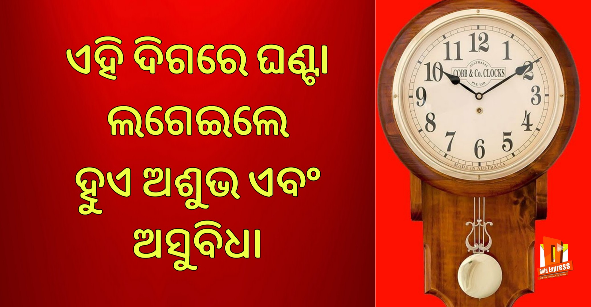 ନମସ୍କାର ବନ୍ଧୁଗଣ ଆମେ ଆପଣଙ୍କୁ ସ୍ୱାଗତ ଜଣାଉଛୁ ଆଜି ଆମେ ଆପଣଙ୍କୁ ଜଣେଆଇବୁ କି ବାସ୍ତୁରେ ଘଣ୍ଟା ଲଗେଇବାର ଶୁଭ ଓ ଅଶୁଭ ଦିଗ ଅଛି।ଏହା ଆମ ଜୀବନ ଉପରେ ସକାରତ୍ମକ ଓ ନକାରାତ୍ମକ ଉଭୟ ଭାବରେ ପ୍ରଭାବ ପକାନ୍ତି।ଆପଣ ଜାଣିଥିବେ ଆମ ସମସ୍ତଙ୍କ ଘରର କାନ୍ଥରେ ଘଣ୍ଟା ଲାଗିଥାଏ।ଲୋକମାନେ ଘରର ସେ ଜାଗାରେ ଲଗାନ୍ତି ଯେଉଁଠାରେ ସେମାନେ ସହଜରେ ସେ ଘଣ୍ଟା ଦେଖି ପାରିବେ।ଏମିତି କରିବା ଠିକ ନୁହେଁ ଏହା ଆମ ପାଇଁ ବହୁତ ବିପଦକୁ ଡାକି ଆଣି ପାରିବ।
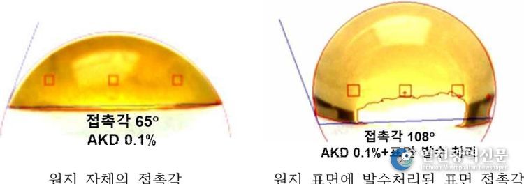 연구팀과 케이엔에스케미칼, 에스엘팩연구소가 공동 개발한 기술은 원지에 투입하는 AKD를 공정에 필요한 최소 수준으로 줄이는 대신, 종이 표면에 발수제를 단독 혹은 전분과 혼합해 도포하는 ‘표면 발수 처리(surface hydrophobization)’ 방식이다.
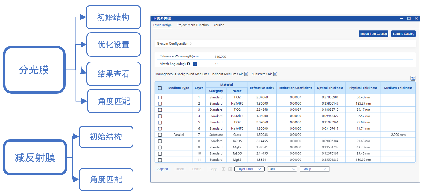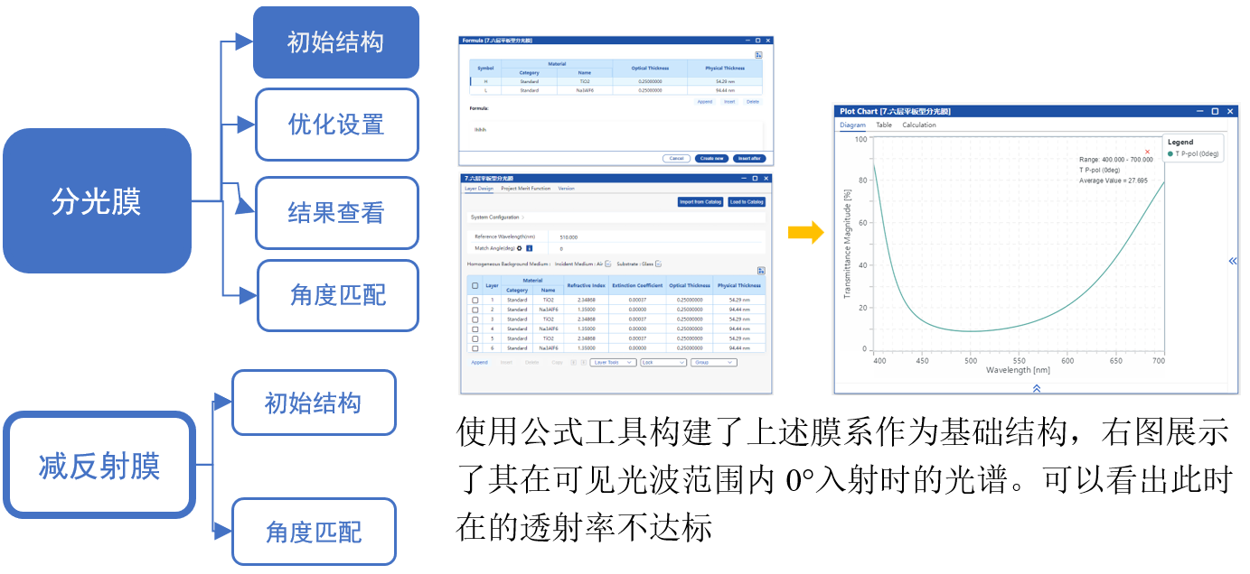 使用公式工具構建了上述膜系作為基礎結構,右圖展示了其在可見光波范圍內0°入射時的光譜。可以看出此時在的透射率不達標
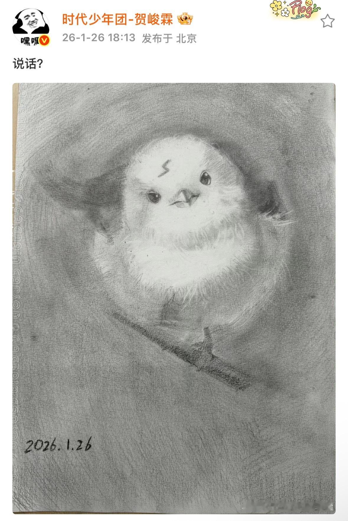 坏了我们全能贺老师真没短板了啥时候给富贵来一张!贺峻霖画的素描小鸟贺峻霖画的闪电疤小鸟
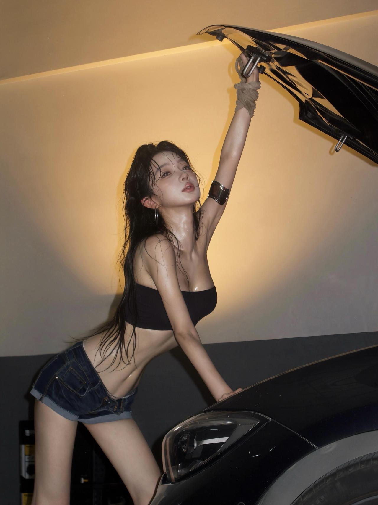 车库里的“扳手辣妹”,把汗水活成最野的高光 谁说修车间只属于满手油污的糙汉?当她踩上引擎盖,湿发黏在泛红的颈间,黑抹胸裹着腰线,扳手在指尖转成利落的弧不是来当背景板,是真能摸清机械脉络的“酷姐”。 汗水顺着马甲线淌成光,金属冷意撞碎柔媚标签,连风掠过车库时,都带着“别用刻板印象定义我”的嚣张。酷感机车女郎 修理工美女 豪车辣妹 酷感女郎 打工的girl 美女机修 修理工妹子
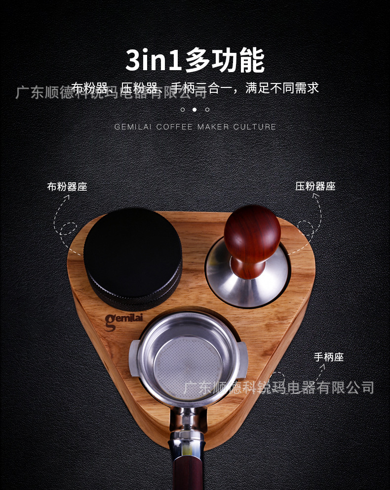 | Packing list | Italian coffee powder press holder, wooden filling and pressing holder, coffee machine handle support seat, bar counter powder press pad, supporting equipment |
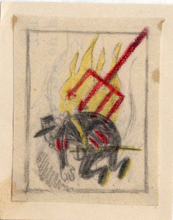 Un gran tridente rojo envuelto en llamas surge en este dibujo enmarcado espetando a un hombre por su espalda. El cuerpo del hombre parece inerte y se destaca en su persona un sombrero y un traje oscuro con algún adorno rojo y amarillo. Manchas oscuras crean sombras y humo.Boceto realizado para la ilustración de la revista semanal novelas y cuentos. Titulo: El Alcalde Ronquillo. Autor: Jose Zorrilla. Nº publicado: 1162. Fecha: 11-08-1953. Tomo NC.: 40.
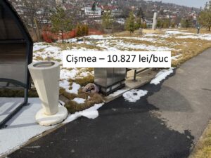 Trei coșuri de gunoi sprijinite de o bancă de beton cu picioare metalice au fost denumite „ansamblu”, fapt pentru care prețul de achiziție a sărit la 14.669 lei+TVA. Au fost cumpărate 66 de astfel de elemente cu o valoare totală 1.150.000 lei. Luate separat, găsim: ansamblu format din trei coșuri similare la prețuri 1.500 și 2.500 lei și bancă de beton cu 1.000 – 2.000 lei. Rezultă un preț umflat de cel puțin 3 – 4 ori.

---------------

- TASK STATEMENT
Reproduce the lines above starting at the one with "使用公式工具構建了上述膜系作" and ending at the one with "Un gran tridente", both included, exactly and with no pictures.

- RESULT FOR THIS TASK
 使用公式工具構建了上述膜系作為基礎結構,右圖展示了其在可見光波范圍內0°入射時的光譜。可以看出此時在的透射率不達標
 坏了我们全能贺老师真没短板了啥时候给富贵来一张!贺峻霖画的素描小鸟贺峻霖画的闪电疤小鸟
 车库里的“扳手辣妹”,把汗水活成最野的高光 谁说修车间只属于满手油污的糙汉?当她踩上引擎盖,湿发黏在泛红的颈间,黑抹胸裹着腰线,扳手在指尖转成利落的弧不是来当背景板,是真能摸清机械脉络的“酷姐”。 汗水顺着马甲线淌成光,金属冷意撞碎柔媚标签,连风掠过车库时,都带着“别用刻板印象定义我”的嚣张。酷感机车女郎 修理工美女 豪车辣妹 酷感女郎 打工的girl 美女机修 修理工妹子
 | Packing list | Italian coffee powder press holder, wooden filling and pressing holder, coffee machine handle support seat, bar counter powder press pad, supporting equipment |
 Un gran tridente rojo envuelto en llamas surge en este dibujo enmarcado espetando a un hombre por su espalda. El cuerpo del hombre parece inerte y se destaca en su persona un sombrero y un traje oscuro con algún adorno rojo y amarillo. Manchas oscuras crean sombras y humo.Boceto realizado para la ilustración de la revista semanal novelas y cuentos. Titulo: El Alcalde Ronquillo. Autor: Jose Zorrilla. Nº publicado: 1162. Fecha: 11-08-1953. Tomo NC.: 40.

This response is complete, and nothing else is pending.